After animator Ray Harryhausen completed his quartet of Mother Goose Stories in the mid-forties, he was preparing to begin another children's series when he was offered work on Mighty Joe Young (1949), a King Kong-like fantasy adventure that won the Oscar® for Best Special Effects that year. Despite the interruption, the money he made from Mighty Joe Young enabled him to produce a much more ambitious project that afforded him bigger and better sets and more versatile technology such as dolly shots and in-camera mattes.
"Little Red Riding Hood," the first in his Fairy Tales series, was a collaboration with his former teacher Charlotte Knight, who assisted in the writing of the screenplay. "I had been surprised that whilst researching the original stories of Red Riding Hood," Harryhausen wrote in his autobiography (Ray Harryhausen: An Animated Life, co-authored with Tony Dalton, for Billboard Books), "some of the versions were very lascivious, gory, horrific and most unsuitable for educational subjects. In the end my version follows a traditional scenario, with the exception that the grandmother escapes rather than being eaten by the wolf." This more children-friendly approach to the popular fables was typical of each installment in the Fairy Tales series that included "Hansel & Gretel," "Rapunzel," "King Midas," and "The Tortoise & the Hare." Unlike the Mother Goose Stories, Harryhausen decided he "needed to background the project with narration and a synchronized music track, which I felt would give the film a more professional look and therefore make it more commercial."
The success of "Little Red Riding Hood" in 1950 enabled Harryhausen to continue his Fairy Tales project intermittently between other movie projects over the next few years, often collaborating with Charlotte Knight on the scripts and his father and mother on production details.

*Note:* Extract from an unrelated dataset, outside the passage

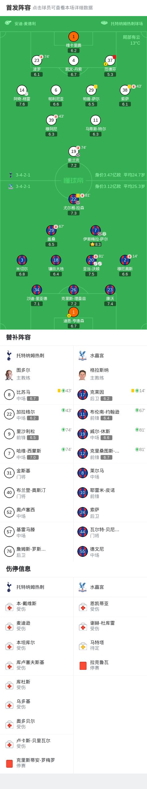 北京時間3月6日英格蘭足球頂級聯賽 聯賽 第29輪,托特納姆熱刺主場對陣水晶宮。上半場,阿奇-格雷助攻索蘭克破門。范德芬拉倒薩爾送點并且被直紅罰下,薩爾罰入點球扳平比分。沃頓送出兩次助攻,拉森和薩爾相繼建功。下半場,兩隊均無建樹。全場比賽結束,熱刺1-3不敵水晶宮,遭遇各項賽事的5連敗和英超連續11輪不勝。

Designed as ten minute features, the Fairy Tales were not only ideal for the educational market but also television, a popular new entertainment medium.
One of the standout entries was "Hansel & Gretel" which featured a gingerbread house made out of real candy and cookies but also a host of new visual effects which would pre-figure similar techniques used later in a Star Trek TV episode and Harryhausen's own feature, Clash of the Titans (1981). According to Harryhausen, one "effect occurs when the witch opens the oven door and we see real flames from rear projection, and an anticipation of what would be Dynamation. In addition to the flames, I had to reflect the flicker of the fire on the witch, achieved by a light and a rotating disc with slots cut into it. When animated with the model and the rear-projected flames, this gave the impression of a real fire."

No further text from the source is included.